239 people died trying to get over or through the wall but it did
staunch the flow of refugees from East to West Germany. The wall did
not come down until the regime that had built it collapsed. Will the
US effort be as successful?
President Trump
wants a wall, a big one, to divide Mexico from the US. This can be
dismissed as overly extravagant, impractical, ecologically and
aesthetically horrible but the idea of a secure national border is
not really outrageous. The US, like virtually all other countries,
does have border guards at airports and crossing points to control
who is entering the country. At Newark's Liberty Airport, the guards
have apparently been indoctrinated and trained at the “rape table”
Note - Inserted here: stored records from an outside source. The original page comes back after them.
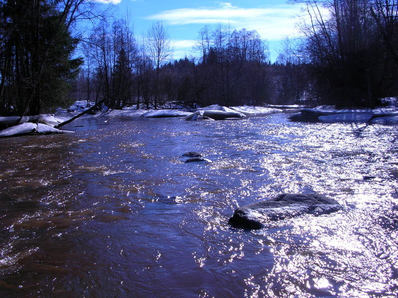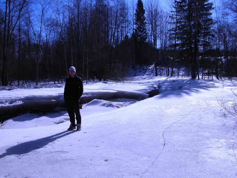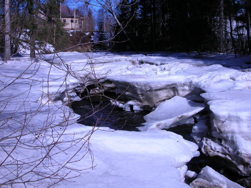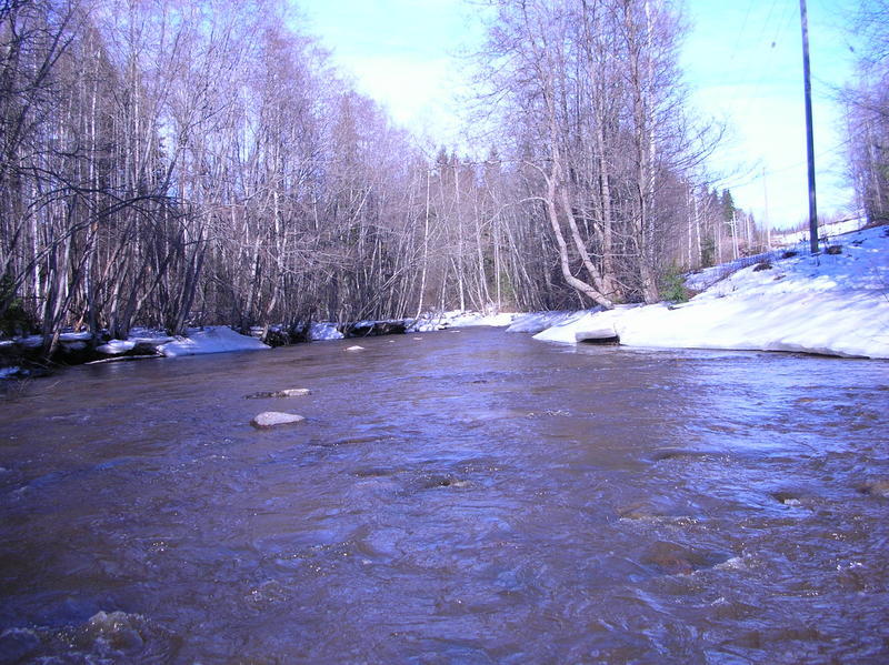 Juuson kanssa alettiin kalastaa 11.00 ja lopetettiin 17.00. Kuus tuntia kalassa ilman saalista. Tosin ei kukaan muukaan saanut kalaa. Juusolla kävi nymphissä harjuksenpoikanen. Ylös asti ei mieliny kuitenkaan tulla. Muita kalastajia oli 5-7. Vesi oli Pitkälässä erityisen mutaista, mutta ylempänä (Keskustassa ja Siikakoskessa) vesi oli kirkkaampaa. Sumareihin ei kiinnitetty humiota, koska uitimme ainoastaan streamereita, zonkereita ja nymphejä. Hyvällä tuurilla Siikakoskella pääsee kalaan vasta juhannuksena. =) Siellä riitti tosiaan jäätä. Yli metrin korkuiset jäävallit peittivät joen. Kuvista saa hieman käsitystä jäätilanteesta.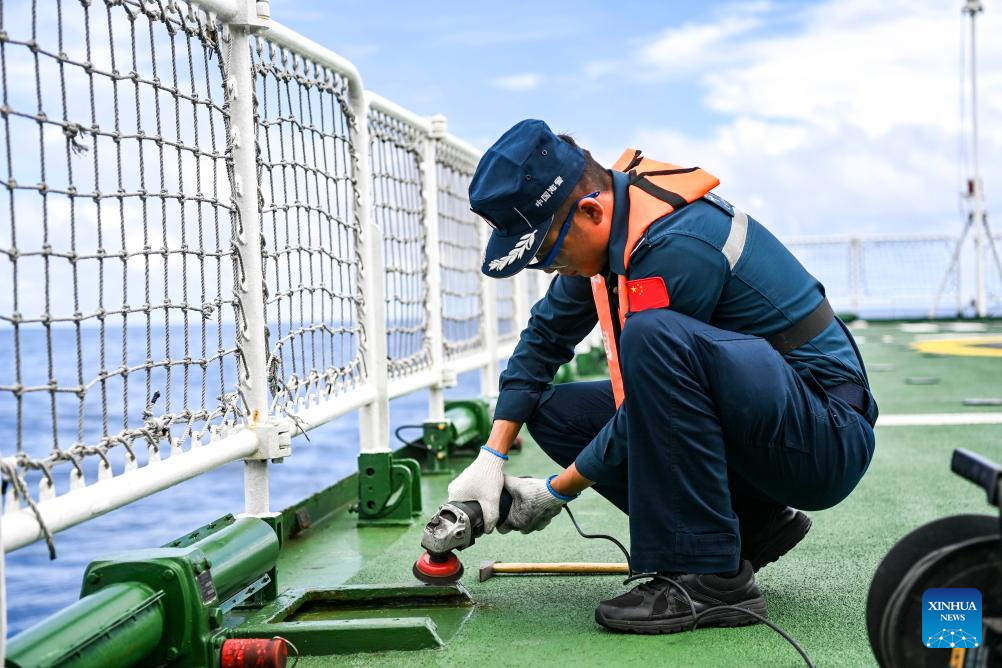 A law enforcer maintains equipment on China Coast Guard (CCG) vessel Sifang during a patrol task in waters adjacent to China's Huangyan Dao, Sept. 14, 2024. (Xinhua/Cao Yiming)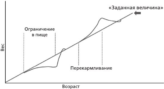 ЗАДАННАЯ ВЕЛИЧИНАМы исследовали этот вопрос десятилетиями и теперь точно знаем: тело у млекопитающих всеми силами защищает свой вес. Первые данные, подтверждающие это, были получены в результате работы с лабораторными крысами. Опыты, которые проводились в 1940-х годах, подтвердили: крыса, если ее посадить в клетку с достаточным количеством еды и развлечений, будет расти с определенной скоростью (грызуны, кстати говоря, растут всю свою жизнь, пока не умрут). Если количество еды, которую давали крысе, уменьшалось (крысу «сажали на диету»), то она теряла вес – что неудивительно. Как только количество еды становилось прежним, крыса быстро набирала вес. Любопытно, что скорость замедлялась, как только крыса восстанавливала вес, который у нее был до «диеты», – и потом продолжала расти с обычной скоростью. Когда крысам начинали давать аппетитные лакомства с большим содержанием сахара и жира, они тоже быстро набирали вес. Потом им снова давали нормальную еду – и крысы сбрасывали вес и опять возвращались к своему нормальному темпу роста. Эти эксперименты привели к так называемой гипотезе заданной величины, суть которой в следующем: траектория роста всех млекопитающих при стабильных условиях жизни генетически обусловлена. И любое отклонение от этой траектории, как показывает история с нашими крысами, будет исправлено.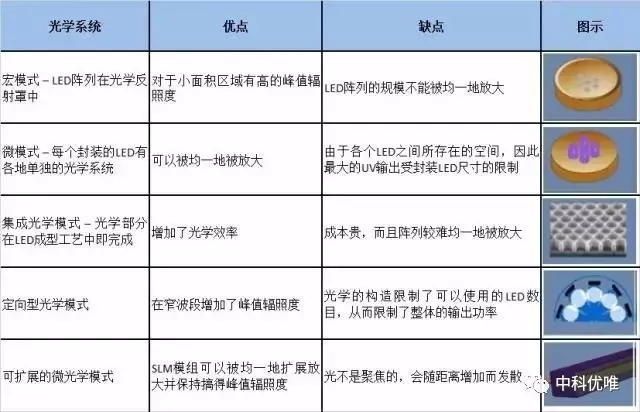 UV LED光源的效能。對于UV LED供應(yīng)商所采用的幾種典型光學(xué)方法及其優(yōu)缺點(diǎn)的匯總見下表。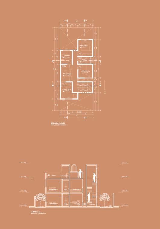 El concepto del proyecto, era plantear toda el área social en un primer nivel, y el área privada en el segundo nivel, generando de esta manera privacidad a los habitantes de estos módulos. De igual manera ordenamos nuestro recorrido con un núcleo vertical de escaleras y a su vez le dimos una mayor altura para jerarquizar este recorrido.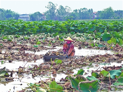 夏日炎炎,藕塘飘香。近日,覃塘区大岭乡古平村莲藕种植基地迎来丰收季,藕农抢抓农时采挖莲藕,经过冲洗、分拣、称重、装车后运往市场。该基地种植双季藕2000亩,早藕上市时间为5月至7月,目前每天出货5000多公斤,不仅在贵港、玉林、南宁等区内市场销售,还远销广东、重庆、上海等地。图为6月4日,该基地藕农正在采藕。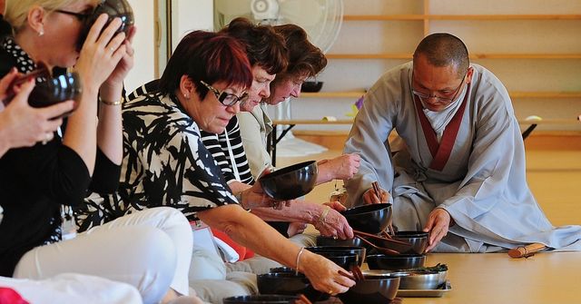 대구세계에너지총회 참가자와 가족들이 2013 대구 동화사 국제선수련관 참선당에 방문해 발우공양 체험을 하고 있다. / 뉴스1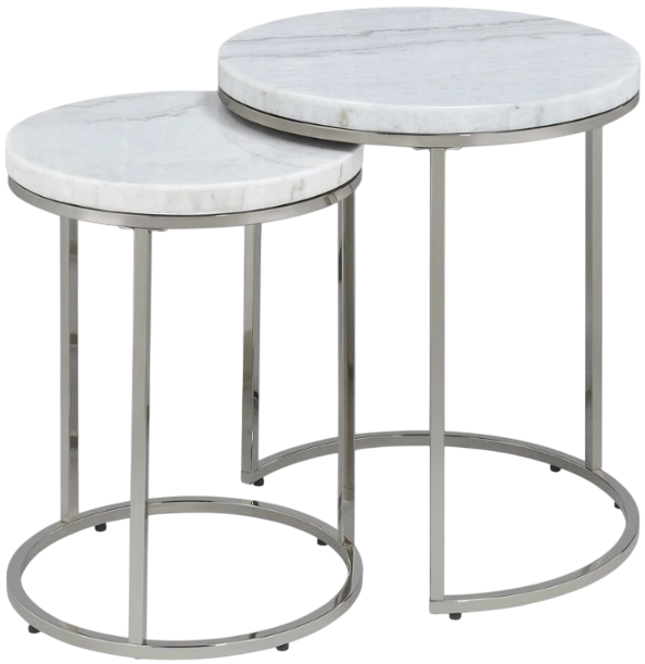 The Zaidee nesting table set features elegant marble tops paired with a sleek nickel base for refined functionality. Its versatile nesting design saves space while offering extra surface area for décor, drinks, or essentials. Durable and stylish, this set elevates living areas with appeal and practical elegance.Read More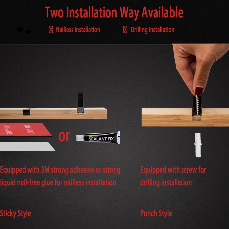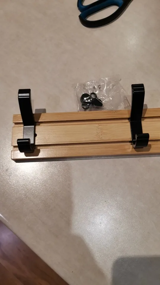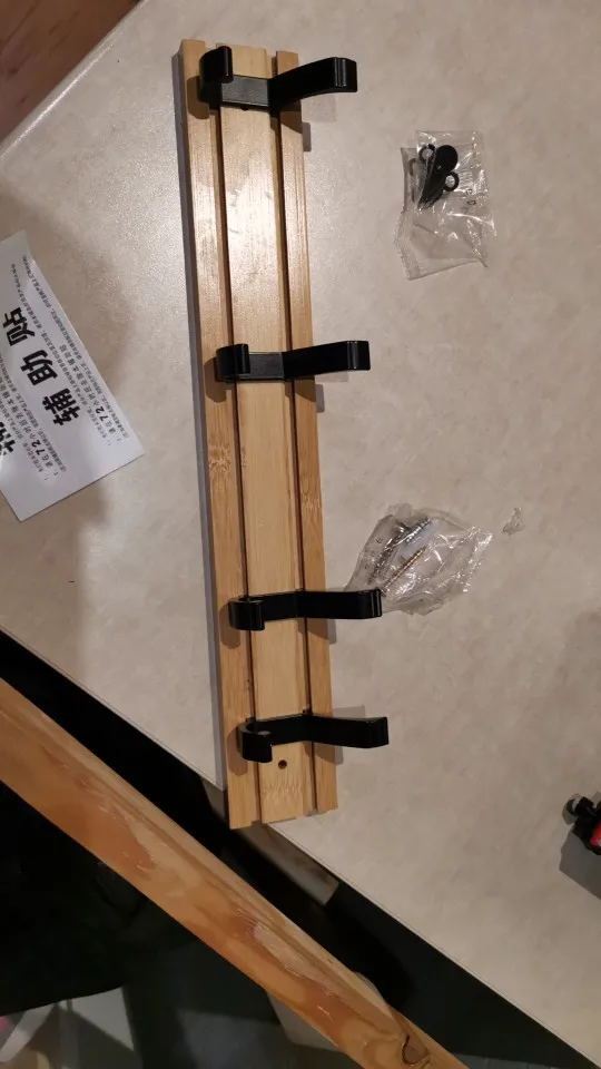 Tal cual la descripción. La madera es bambú y llega con la opción de tornillos o pegamento.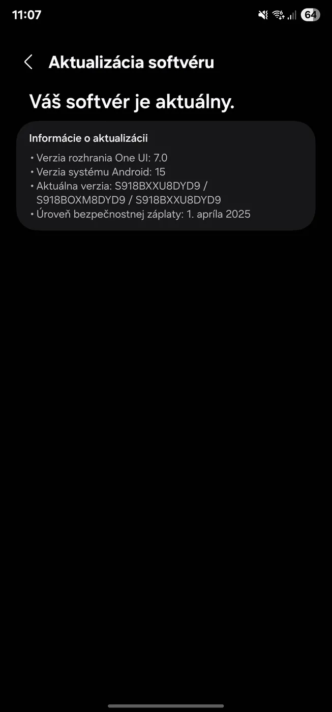 Aktualizáciu sme pravidelne kontrolovali, avšak dostupnosť sa nám zobrazila 28. apríla po 9. hodine. One UI 7 s Androidom 15 pre Galaxy S23 Ultra má úctyhodných 5075,56 MB a obsahuje aj bezpečnostnú záplatu k 1. aprílu 2025.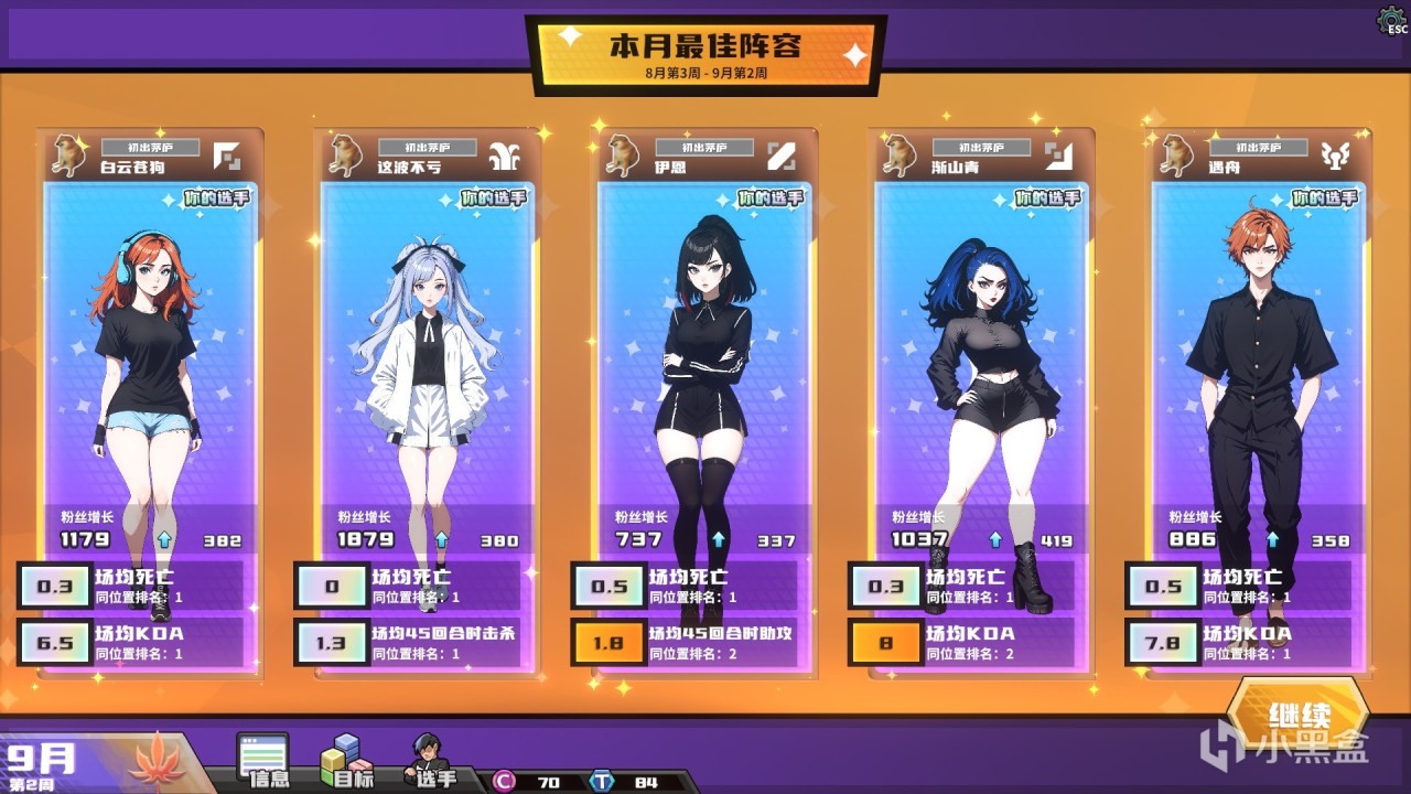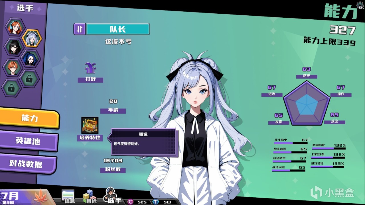 说回游戏本身,游戏的开局人员的特性比较重要(如果你想聘用他们到最后的话),提前想好队伍的风格和打法并选择不同位置合适的特性非常有必要。三狗的打野是经济转化,其他路都是支援和发育,意味着打野是队伍的核心和矛,其他人是稳定的支柱。这样的打法意味着BP中的先手十分重要,红色方的后手可能无法给打野拿到顺手的英雄,英雄池如果再薄弱一点的话基本上难以发挥了,所以队伍的核心不能只有一个,于是三狗还培养了ad作为第二个大腿,其他人的定位主要是支援,辅助和承伤。就这样,三狗目前打到了甲级联赛,基本上没有失败过。

to develop a properly truculent demeanor. This came out in one of
the many recent daily scandals so their function may now be fully
privatized, with United Airlines a leading candidate to provide
future airport security.
in the wake of the invasion of Libya |
While the government
of the USA may now favor an absolutist approach to border security on its
own borders, it seems remarkably oblivious to the sanctity of other
country's borders. In joining with France and England in bombing
Libya into medieval anarchy, it committed the equivalent of bombing
the border crossing points at Tijuana, Nogales, Juarez and Laredo and
opening up the roads into California, New Mexico and Texas. No
apologies, reparations or remedial suggestions have come from either
the Obama or Trump Administrations. What the French and English were
thinking defies imagination. They didn't recognize their own feet
when they started shooting. The Democratic half of the American
public seems shocked by the isolationist implications of the Brexit
and the Trump victories yet, along with the other half of the population, seems totally unmindful of the
consequences of American policies.
Berlin wall and no-man's land |
During the
presidential campaign Donald Trump kept insisting not only that he
would build a really big wall but that he'd make the Mexicans pay for
it. Such talk was met with derision by the media and most of the
population. Where did he get such a bizarre idea?
divided Berlin |
The Walled Off Hotel facing the wall in the occupied West Bank and run by the artist Banksy. |
He may have been
thinking of Berlin, where the Soviets ordered the wall and got the
East Germans to pay for it.
Another precedent comes to mind. In the
occupied West Bank, the Israeli Government has continued to build
walls to separate and protect its ever-expanding settlements, which
the world entire, even the US Government, acknowledges as illegal.
Have they gotten the Palestinians to pay for those walls? No, but
Israel, with its population of less than 9 million people and its
territory slightly larger than New Jersey and slightly smaller than
Massachusetts, gets more US foreign aid than any other country. Much
of that aid comes in the form of military support but all that aid
allows Israel to devote its resources to wall-building on stolen
land, so it's not much of a stretch to say that the US is paying for
those walls.
an Israeli wall in Palestine |
Yes, walls can and
do achieve some goals. Those in the West Bank by now have probably
ended the possibility of a two state solution for Palestine and
guaranteed that Israel will not survive as a democratic nation.
What will become of
the Great Mexican Wall? Let's look for its advantages. It may
bankrupt the United States enough to limit its ability to invade and
occupy other nations around the world. Perhaps in a century or two
it will become as much of a tourist attraction as the Great Wall of
China. Remnants of the Berlin Wall now fetch a good price as people
seek to keep a piece of history.
We always need to
look on the bright side. Everything has its unintended consequences,
occasionally positive ones. It's just that sometimes it takes more
time for good things to emerge than most of us have left.